| Exercise |
Among the records below, find the line with "T-shirt in jersey" and the line with "5 stars hands". Set down both and every line between, exactly and with no pictures, but nothing else.

Stored items from a collection:
== Segment start ==

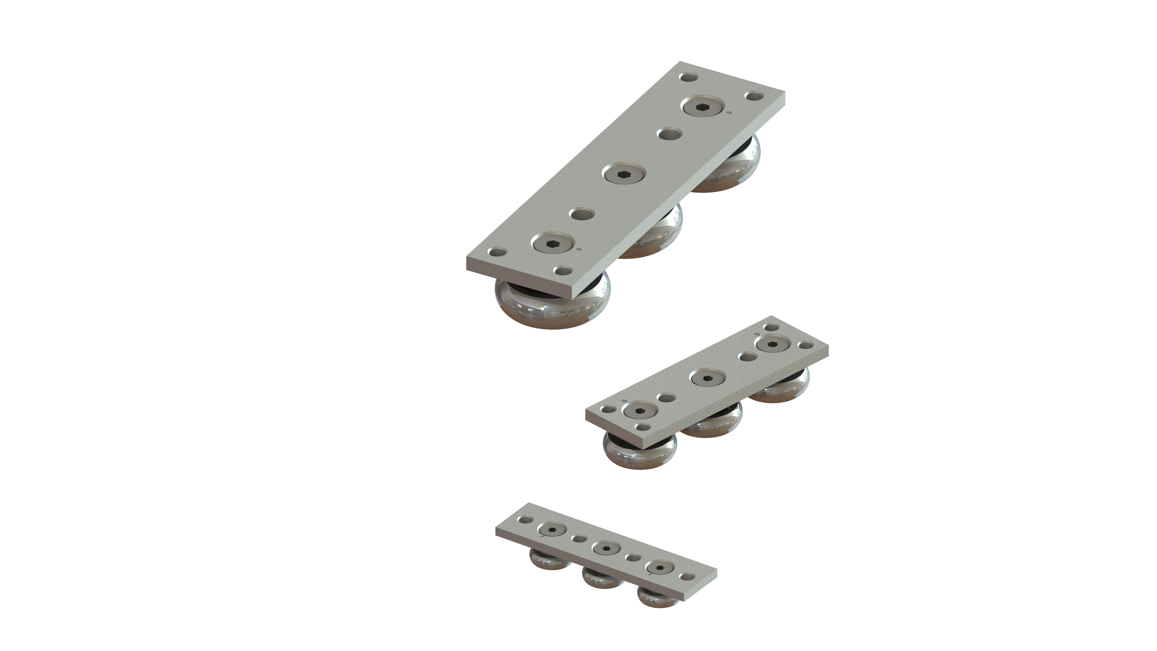具有通用模式的三滚轮滑块安装孔。滑块主体由制成:碳钢或不锈钢。滑块主体上的标记显示位置为同心轮。
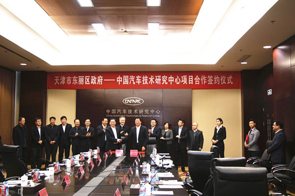 2015年11月26日,“天津市東麗區政府—中國汽車技術研究中心項目合作簽約儀式”成功召開。中國汽車技術研究中心黨委書記于凱、副主任高和生,天津市東麗區委書記尚斌義、區長楊茂榮、天津市東麗開發區管委會主任李光華等領導及中心相關部門領導出席了本次簽約儀式。簽約儀式由中國汽車技術研究中心汽車工程研究院院長高繼東主持。
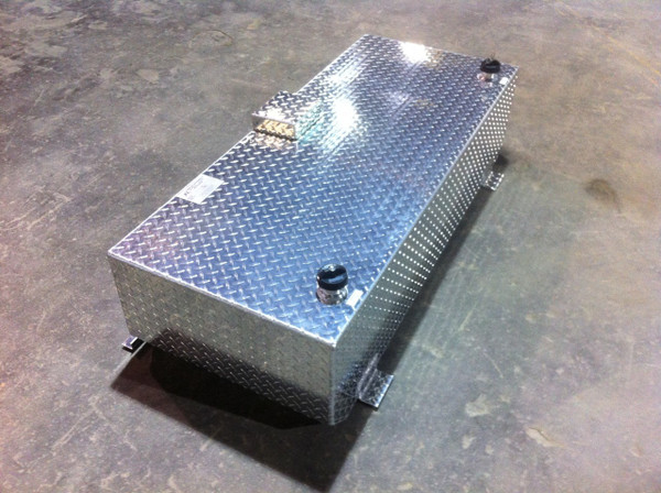 The AT92R-BR, the 92 gallon rectangular below rail tank is designed to work with a hard or soft bed cover. The highest portion of the tank will be below the bed rails. The AT92R-BR will fit a long bed diesel truck only. The AT92R-BR is the largest aluminum auxiliary diesel tank for the Under Bed Cover Tank Line. The duel fuel fill neck are located in the rear driver & passenger side corners for easier filling with an open bed cover.
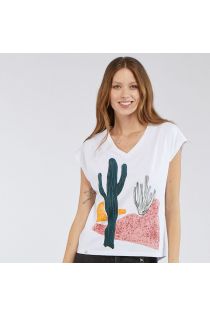 T-shirt in jersey di cotone elasticizzato dalla modelleria morbida e confortevole impreziosita da una stampa multitecnica che riproduce delle dune e dei cactus.
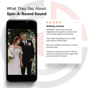 5 stars hands down. Affordable. Amazing to work with. They bring the party with them. Our wedding was 10/10/2020. They were a one stop shop for us and covered a lot of our wedding needs. Our music was on point to exactly what we wanted. We had a NFL football theme wedding and the spin around sound crew wore referee shirts! Our entry announcement to bridal party and Mr. And Mrs. Was the bomb.com! You felt like you were on the football field being announced as you ran through the banner! It was epic. They personalize everything to you. My family and friends thought we knew the crew from spin around sound before we booked them. That is how personalized they get. You come first. They will always be number one on my list when I have event needs for the future!
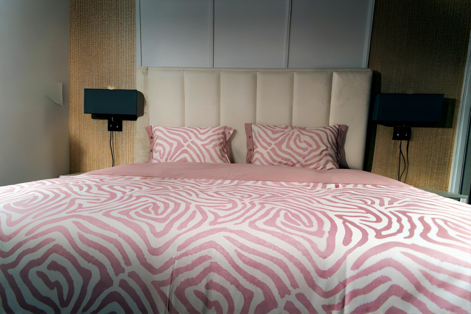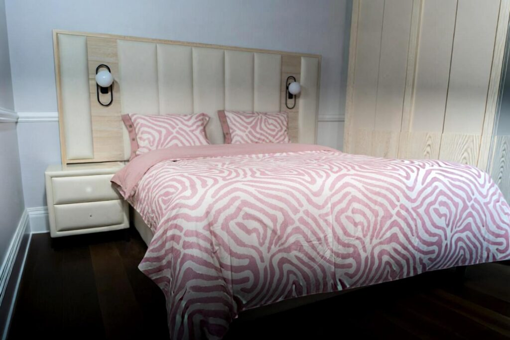 Cette parure de lit aux motifs organiques et aux tons rose poudré transforme la chambre en un espace doux et contemporain. Son design fluide apporte une sensation de calme et de raffinement, tandis que la matière agréable au toucher invite au confort absolu.

== Segment end ==

| Answer to this task |
 T-shirt in jersey di cotone elasticizzato dalla modelleria morbida e confortevole impreziosita da una stampa multitecnica che riproduce delle dune e dei cactus.
 5 stars hands down. Affordable. Amazing to work with. They bring the party with them. Our wedding was 10/10/2020. They were a one stop shop for us and covered a lot of our wedding needs. Our music was on point to exactly what we wanted. We had a NFL football theme wedding and the spin around sound crew wore referee shirts! Our entry announcement to bridal party and Mr. And Mrs. Was the bomb.com! You felt like you were on the football field being announced as you ran through the banner! It was epic. They personalize everything to you. My family and friends thought we knew the crew from spin around sound before we booked them. That is how personalized they get. You come first. They will always be number one on my list when I have event needs for the future!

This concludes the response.